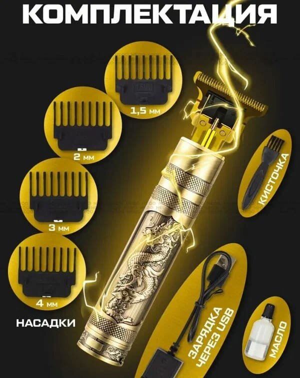 Купить Триммер для бороды и усов Дракон / 4 насадки / Триммер электрический / Машинка для стрижки волос / Family Dreams
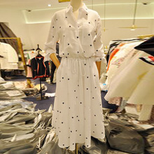 2017夏款新品印花文艺长袖连衣裙收腰显瘦中长款OL大摆衬衫裙子女
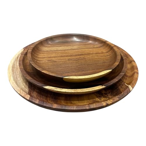 Generic - أطباق تقديم طعام خشبية دائرية، مجموعة من 3 قطع، من خشب الأسورسوس الطبيعي، أطباق طعام مقاس 20 سم 25 سم و30 سم
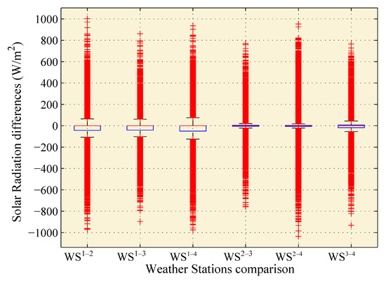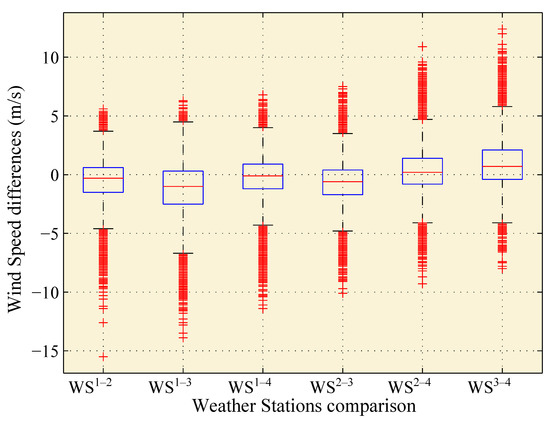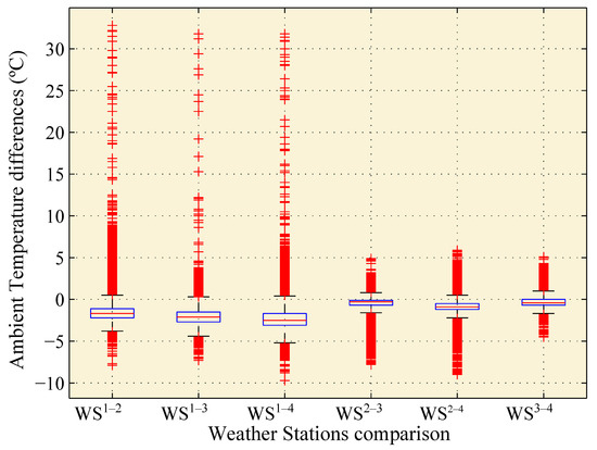 In order to show these type of errors, Figure 7 represents the variability of the weather conditions along the line through a box plot with the differences between each weather station.
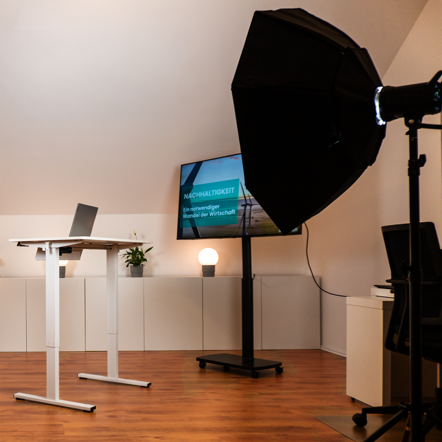 deshalb kommt anstatt eines Monitors ein TV-Bildschirm mit enormer Größe zum Einsatz. Damit landest du in Übergröße im Studio und eine viel natürlichere Interaktion kann stattfinden. Die Cyber-Barriere zerbröckelt.
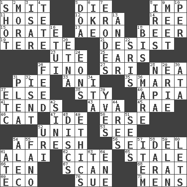 ACROSS 1. Stricken, poetically 5. Expire 8. Mischievous child 11. Flexible conduit 12. Gumbo ingredient 14. Portuguese money of account (variant) 15. Declaim 17. A really long time 18. Fermented drink made from hops 19. Cigar-shaped 21. Stop 23. Shoshoni 25. Hearing organs 26. A pale, very dry sherry 27. _ Lanka 28. Teachers' org. 31. Sliced dessert 33. Cuckoo 35. Don Adams' spy role 37. Otherwise 38. Filthy place 40. Capital of Western Samoa 41. Is inclined (to) 43. Actress Gardner 45. Actress Charlotte 46. Feline 47. Binary compound 50. Celtic language 52. A single undivided whole 53. Observe 54. Anew 56. A glass for beer 61. Mountain range southwest of Kyrgyzstan 62. Quote 65. Showing deterioration from age 66. Nine, plus one 67. Glance over 68. Part of Q.E.F. 69. Environmental prefix 70. Take to court 71. Not women's DOWN 1. Opportunity 2. Greater amount 3. Austrian river, tributary to the Danube 4. False hair 5. ___ good deed 6. Eisenhower's nickname 7. Eats (away) 8. Angers 9. Confront 10. For each 13. Approach 16. Needle holder 18. Altar cloth linen 20. Inactive volcano in Sicily 22. Indian titles of respect 24. Immeasurably long periods of time 26. Nourish 28. California wine valley 29. One of the Great Lakes 30. _ moment's notice (2 wds.) 31. Entreaty 32. Is not 34. Call ___ day 36. Female horse 37. And so on (abbr.) 39. Jacques Cousteau's middle name 42. Trig term 44. Ancient Greek god of war 48. Plates 49. Value system 51. Perceives with the eye 52. RI univ. 54. Actor Baldwin 55. Papal veil 57. Detail 58. Have the gumption 59. Flair 60. Allows 61. Had dinner 63. The 19th letter of the Greek alphabet 64. Compass dir.

------------------------------------

# [Exercise aim]
Repeat the listing exactly, pictures excluded.

# [Answer to the exercise]
 Купить Триммер для бороды и усов Дракон / 4 насадки / Триммер электрический / Машинка для стрижки волос / Family Dreams
 2017夏款新品印花文艺长袖连衣裙收腰显瘦中长款OL大摆衬衫裙子女
 Generic - أطباق تقديم طعام خشبية دائرية، مجموعة من 3 قطع، من خشب الأسورسوس الطبيعي، أطباق طعام مقاس 20 سم 25 سم و30 سم
 In order to show these type of errors, Figure 7 represents the variability of the weather conditions along the line through a box plot with the differences between each weather station.
 deshalb kommt anstatt eines Monitors ein TV-Bildschirm mit enormer Größe zum Einsatz. Damit landest du in Übergröße im Studio und eine viel natürlichere Interaktion kann stattfinden. Die Cyber-Barriere zerbröckelt.
 ACROSS 1. Stricken, poetically 5. Expire 8. Mischievous child 11. Flexible conduit 12. Gumbo ingredient 14. Portuguese money of account (variant) 15. Declaim 17. A really long time 18. Fermented drink made from hops 19. Cigar-shaped 21. Stop 23. Shoshoni 25. Hearing organs 26. A pale, very dry sherry 27. _ Lanka 28. Teachers' org. 31. Sliced dessert 33. Cuckoo 35. Don Adams' spy role 37. Otherwise 38. Filthy place 40. Capital of Western Samoa 41. Is inclined (to) 43. Actress Gardner 45. Actress Charlotte 46. Feline 47. Binary compound 50. Celtic language 52. A single undivided whole 53. Observe 54. Anew 56. A glass for beer 61. Mountain range southwest of Kyrgyzstan 62. Quote 65. Showing deterioration from age 66. Nine, plus one 67. Glance over 68. Part of Q.E.F. 69. Environmental prefix 70. Take to court 71. Not women's DOWN 1. Opportunity 2. Greater amount 3. Austrian river, tributary to the Danube 4. False hair 5. ___ good deed 6. Eisenhower's nickname 7. Eats (away) 8. Angers 9. Confront 10. For each 13. Approach 16. Needle holder 18. Altar cloth linen 20. Inactive volcano in Sicily 22. Indian titles of respect 24. Immeasurably long periods of time 26. Nourish 28. California wine valley 29. One of the Great Lakes 30. _ moment's notice (2 wds.) 31. Entreaty 32. Is not 34. Call ___ day 36. Female horse 37. And so on (abbr.) 39. Jacques Cousteau's middle name 42. Trig term 44. Ancient Greek god of war 48. Plates 49. Value system 51. Perceives with the eye 52. RI univ. 54. Actor Baldwin 55. Papal veil 57. Detail 58. Have the gumption 59. Flair 60. Allows 61. Had dinner 63. The 19th letter of the Greek alphabet 64. Compass dir.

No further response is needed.